被告には州税務長官や州司法長官が含まれ、原告の主目的は2027年の施行阻止。加えて、条文が曖昧で、どの行為が課税対象か、また徴収・納付義務を誰が負うのかが事業者・利用者とも判別しにくいと指摘する。民事責任に加え、重大な場合には刑事罰の可能性もあるとして、影響を受ける事業者が法務・税務コストを増やし始めているとも述べた。
訴状は州際取引で二重課税が生じ得る点も問題視する。イリノイ州が課税権限を州内の経済活動に明確に限定しておらず、現行の運用では顧客の住所、口座記録、郵送先情報、IPアドレスなどを根拠に"取引がイリノイ州で行われた"と判断され得るという。他州が独自基準で同一取引を自州内と認定した場合、単一のデジタル資産移転が2つの管轄で同時に課税される可能性がある。さらに、イリノイ州は他州で支払った同種税の税額控除を設けていないため、州際のデジタル資産取引が単一州内取引より重い税負担となり得るとしている。
この税制は、JB・プリツカー知事が今年6月、2027会計年度の総額559億ドル予算の一部として署名し成立した。州の予算資料では、税収は年間約6,000万ドルを見込む。法律上、イリノイ州の顧客に対しデジタル資産の交換・移転・保管サービスを提供するブローカーは、該当業務に紐づくデジタル資産価値に対して0.2%の"フランチャイズ税"を負担する。州外ブローカーでも、12カ月でイリノイ州顧客からの収益が10万ドル以上なら課税対象となり得る。
対象ブローカーには登録、顧客からの分離徴収、取引記録の保存、月次報告が求められる。ブローカーが顧客分を徴収しない場合、顧客が自ら税額を算定し、翌月20日までに税務当局へ納付しなければならない。ブローカーと顧客の双方に報告義務が課される。

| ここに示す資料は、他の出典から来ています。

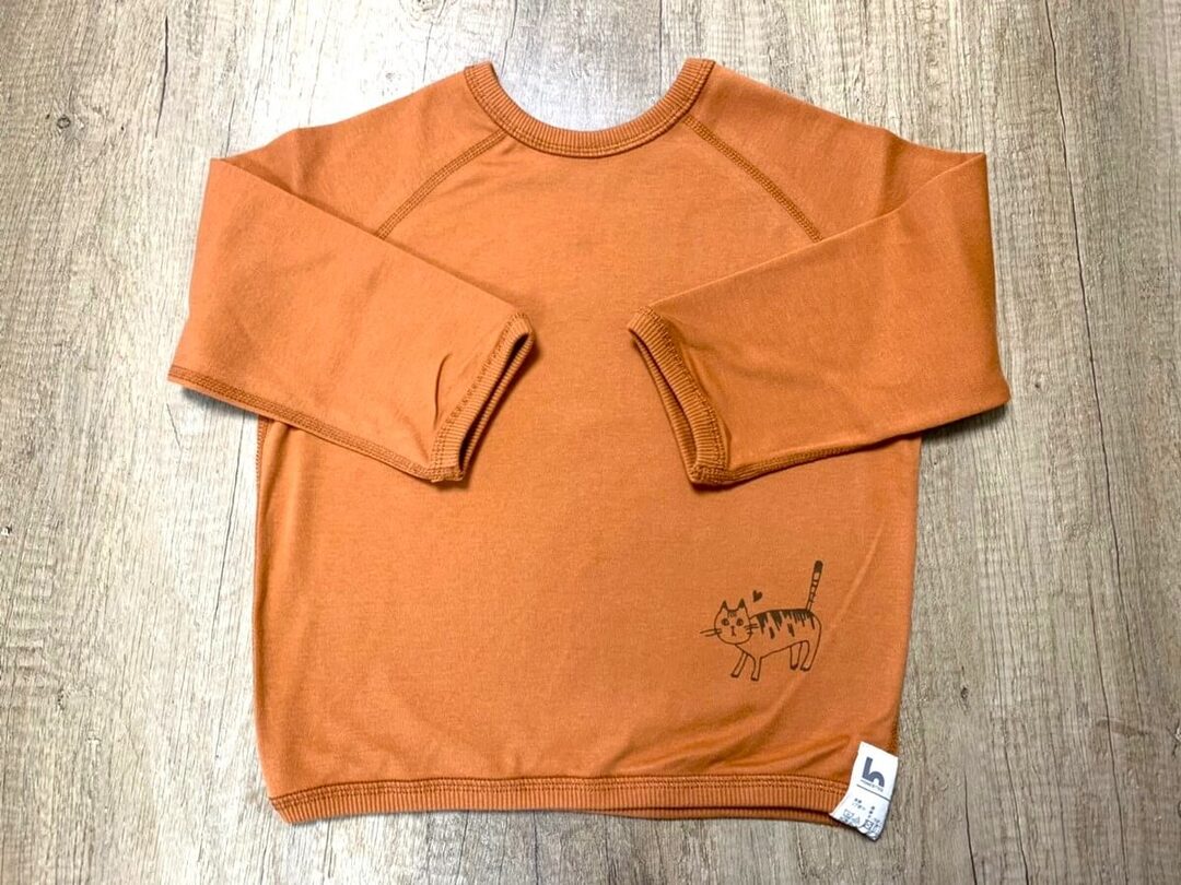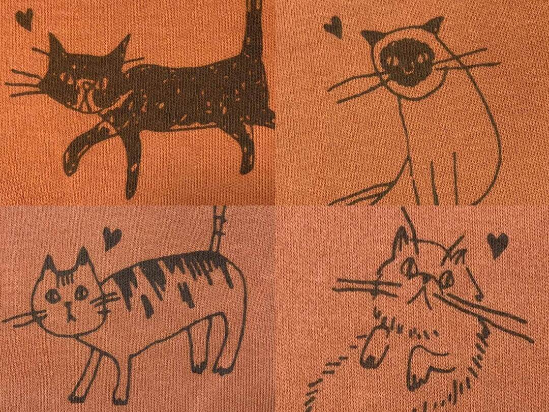 購入したオレンジの長袖Tシャツにはキュートなネコのイラストが描かれていました。それぞれ猫種が違うので、気分によって変えられるのがいいですね。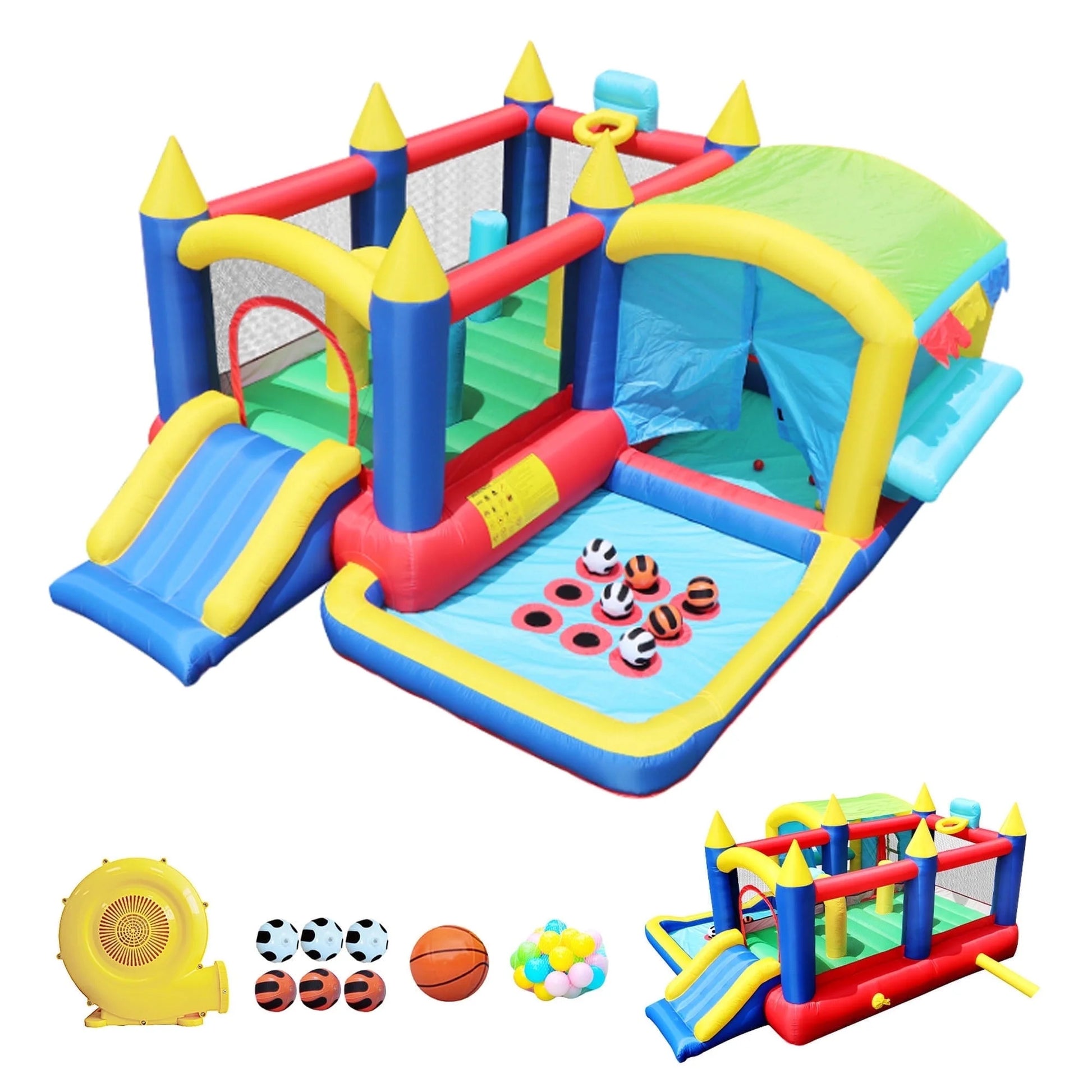 8-in-1 Adventure Park:Jump, slide, climb & shoot! This kids bounce house features an inflatable trampoline, 1basketball hoops, obstacle course, dual-use ball pit or water pool, and a curved inflatable slide—all in brightly colored bouncy castle design.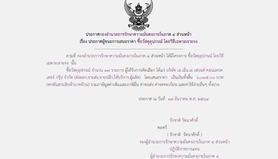 จัดซื้อ จัดจ้างประกาศผู้ชนะการเสนอราคา ประกาศผู้ชนะการเสนอราคา ซื้อวัสดุอุปกรณ์ โดยวิธีเฉพาะเจาะจง December 27, 2021 484 Share Facebook Twitter Google+ Telegram LINE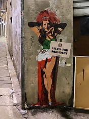 Un concetto sintetizzato perfettamente dallo street artist palermitano Tvboy, pseudonimo di Salvatore Benintende, che nel quartiere Cinque Vie a Milano ha raffigurato Silvio Berlusconi in versione femminile, con un cartello “Silvia for President”.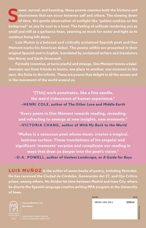 One Moment marks his American debut. The poems within are presented in their original Spanish and in English, translated by acclaimed writers and translators Idra Novey and Garth Greenwell.

なお、同税制を巡る業界側の訴訟は今回が2件目。デジタル資産業界団体のDigital Chamberは7月、同じサンガモン郡巡回裁判所に別件訴訟を提起し、デジタル資産取引が類似の伝統的資産取引と異なる税務上の扱いを受けていると主張した。あわせて、会期終盤に大型包括法案へ関連条項が組み込まれたとして立法手続きにも疑義を呈している。業界団体は以前からこの課税に公然と反対し、影響を受ける事業者への事前通知が不十分だったとも指摘していた。